(THE PROBLEM) In the listing below, find the line containing "Figura 9: Construção" and the line containing "UNITA' EDILIZIA NR. 5", then copy exactly everything from the first through the second, except the pictures.

(SUPPLIED RECORDS)

═══

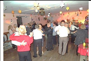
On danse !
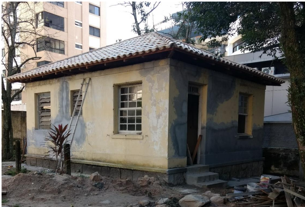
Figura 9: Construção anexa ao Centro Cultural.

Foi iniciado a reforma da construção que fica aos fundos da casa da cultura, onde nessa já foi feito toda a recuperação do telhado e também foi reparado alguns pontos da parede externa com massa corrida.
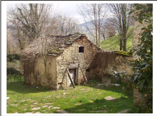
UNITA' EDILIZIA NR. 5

═══

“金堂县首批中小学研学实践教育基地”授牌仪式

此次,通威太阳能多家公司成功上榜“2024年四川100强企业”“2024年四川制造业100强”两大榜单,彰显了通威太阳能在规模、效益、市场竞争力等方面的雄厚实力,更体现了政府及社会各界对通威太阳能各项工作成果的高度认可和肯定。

═══

(EXERCISE ANSWER)
Figura 9: Construção anexa ao Centro Cultural.

Foi iniciado a reforma da construção que fica aos fundos da casa da cultura, onde nessa já foi feito toda a recuperação do telhado e também foi reparado alguns pontos da parede externa com massa corrida.
UNITA' EDILIZIA NR. 5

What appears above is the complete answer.